Belinda ended the season with a 1-1 mark for the Royals and a 4.28 ERA, although the underlying numbers (109 ERA+, 2.88 FIP) say he pitched better than that sounds. However, he was less effective in 1994, with a 2-2 mark and 5.14 ERA (and a 98 ERA+ and 4,99 FIP). Once the strike hit, and with Kauffman’s checkbook no longer available, the Royals were in cost-cutting mode, and Belinda was non-tendered. He would sign with Boston as a free agent, then pitch two years for them, three for Cincinnati, and one final season split between Colorado and Atlanta. Interestingly, he pitched in the 1999 and 2000 seasons, his last two, after being diagnosed with multiple sclerosis near the end of the 1998 season.
So the Royals got one year and two months of, by Baseball Reference’s reckoning, a replacement-level player (+0.3 bWAR in 1993, -0.3 bWAR in 1994). For that, they surrendered Lieber and Miceli, both of whom were at Class AA Memphis at the time of the deal. While prospect info was not as plentiful then as it is now, Lieber had just been promoted after going 9-3 at Class A Wilmington with a 2.67 ERA in 114 ⅔ innings; Miceli was 6-4 with seven saves with a 4.60 ERA in 58 ⅔ innings for Memphis.
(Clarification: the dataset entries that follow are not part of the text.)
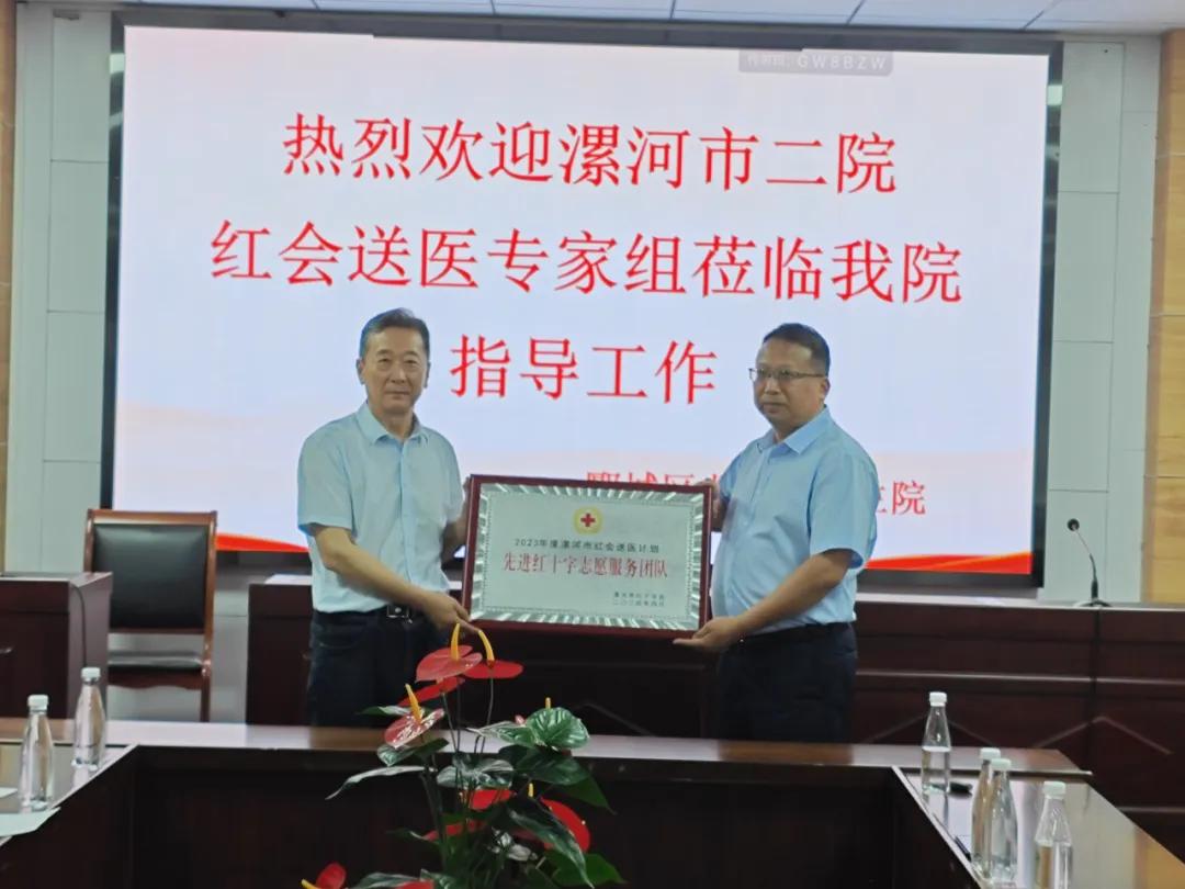 漯河市紅十字會(huì)黨組成員、副會(huì)長(zhǎng)劉國防,市二院副院長(zhǎng)張曉東,市二院工會(huì)主席李世學(xué),郾城區(qū)紅十字會(huì)副會(huì)長(zhǎng)李山峰,龍城鎮(zhèn)衛(wèi)生院相關(guān)負(fù)責(zé)同志出席了本次對(duì)接會(huì)議和義診活動(dòng)。對(duì)接會(huì)上,市紅會(huì)副會(huì)長(zhǎng)劉國防對(duì)市二院“紅會(huì)送醫(yī)計(jì)劃”所做的工作表示了高度的肯定,并向醫(yī)院頒發(fā)了2023年河南省“紅會(huì)送醫(yī)計(jì)劃”先進(jìn)單位、2023年漯河市“紅會(huì)送醫(yī)計(jì)劃”先進(jìn)單位兩塊獎(jiǎng)牌,對(duì)市二院李慧新等7名同志獲得省級(jí)和市級(jí)“優(yōu)秀紅十字醫(yī)療專家志愿者”稱號(hào)表示祝賀。
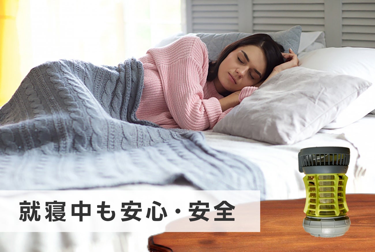 不快な虫から守ってくれるだけでなく、送風機能やライト機能で、より快適な空間を演出することができます。
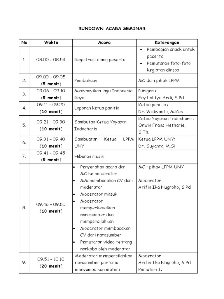 Contoh rundown acara seminar. 2 2 pembukaan mc. 2 0 08. Contoh rundown acara seminarworkshop dapatkan link. Kamis 24 nopember 2016. Namun susunan acara itu disesuiakan dengan jenis acara yang diadakan dengan menambahkan susunan acara yang dirasa perlu. Demikian seminar nasional hari inimarilah kita tutup acara ini bersama sama dengan membaca hamdallah.
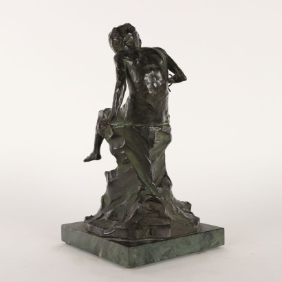 Bronzeskulptur auf grünem Marmor, die einen kleinen Fischer darstellt. Auf der Sockel ist die Signatur des Autors.
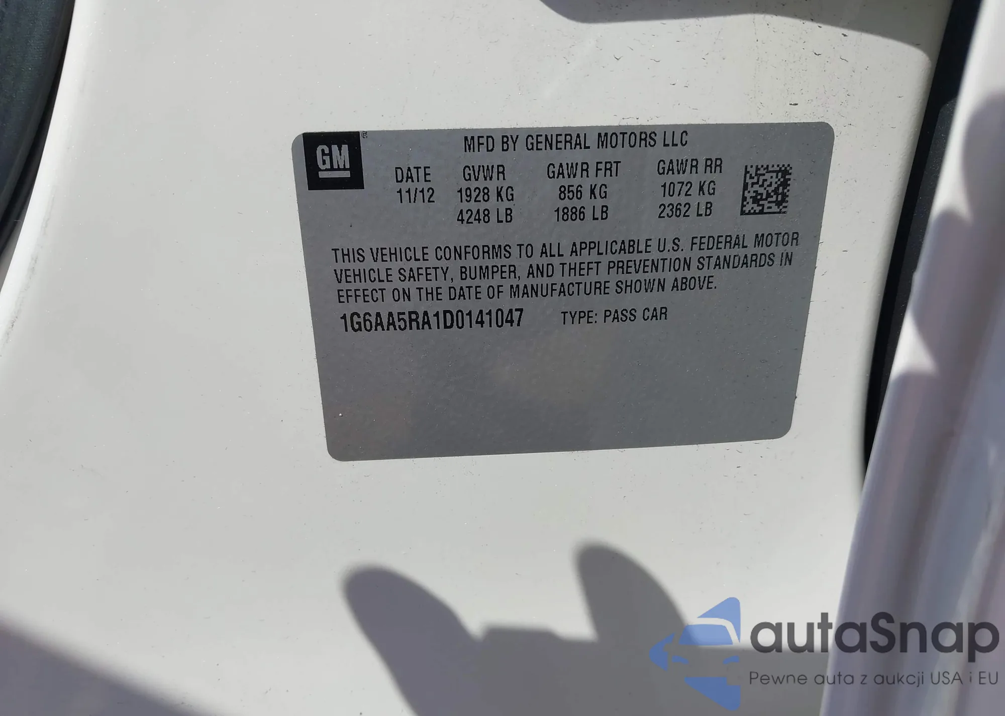 • VIN 1G6AA5RA1D0141047
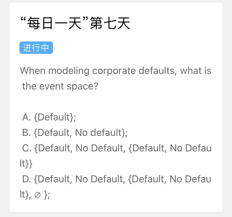 为什么是D选项 集合里面有一个集合是什么意思。基础班里那节课上有讲过这个集合里的集合呢?我只知道违约是一个01事件 有违约和不违约。我的理解有什么不足呢?
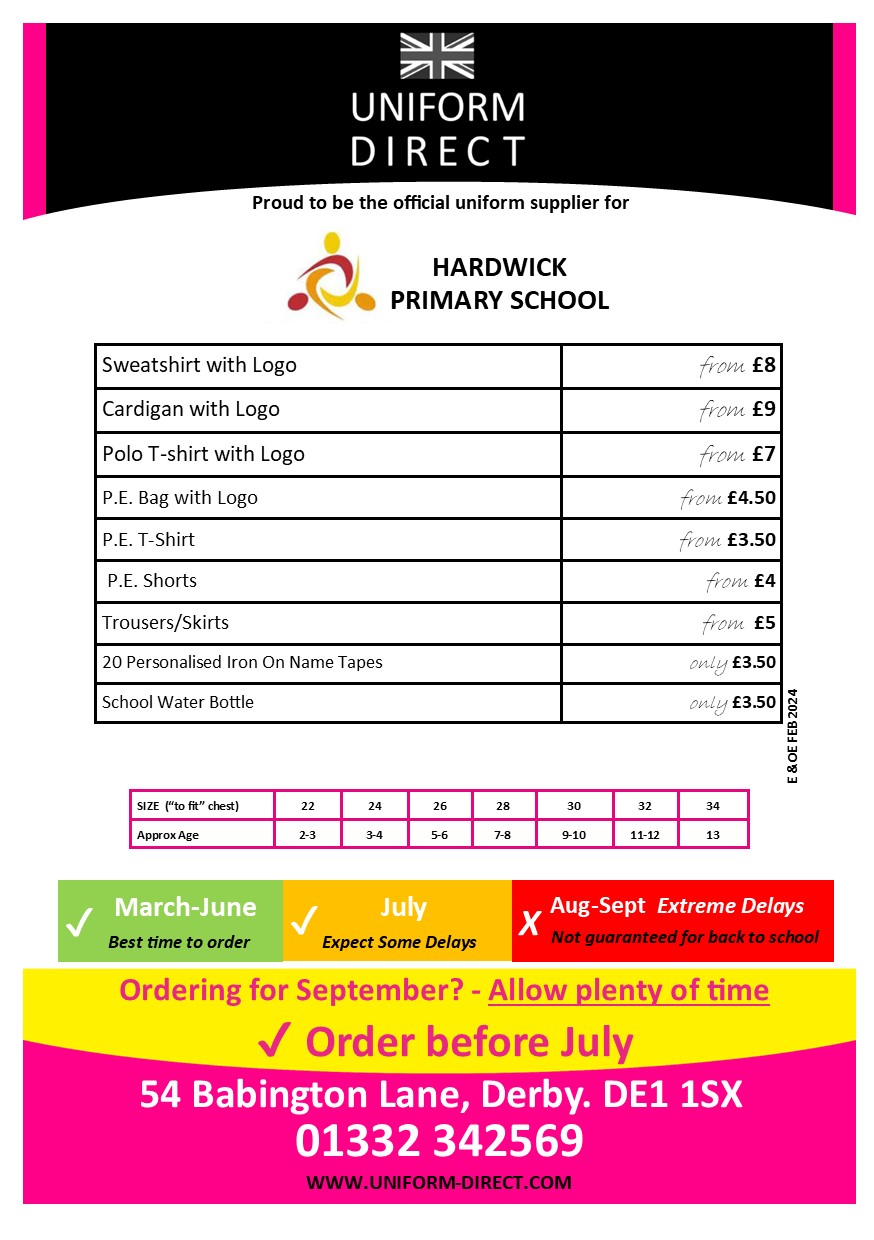 Branded School uniform can be purchased from Uniform Direct, 54 Babington Lane, Derby, DE1 1SX Tel: 01332 342569 or online at https://myclothing.com/ueslink/6171.school?t=1587031872018

So these were not really the proverbial lottery tickets.
Lieber would go on to pitch for 14 seasons in the majors, with a 131-124 record, including a 20-6 mark for the Cubs in 2001. Miceli made it to the big leagues at the end of the 1993 season, and also lasted 14 years, pitching for 10 different teams (making him an excellent name to know for Immaculate Grid purposes). Lieber compiled 25.5 bWAR for his career, while Miceli ended up with 2.4. Of course, the Pirates didn’t reap the benefit of all that, but they certainly could claim victory on this swap. Let’s hope that the Royals can pull off a similar deal today.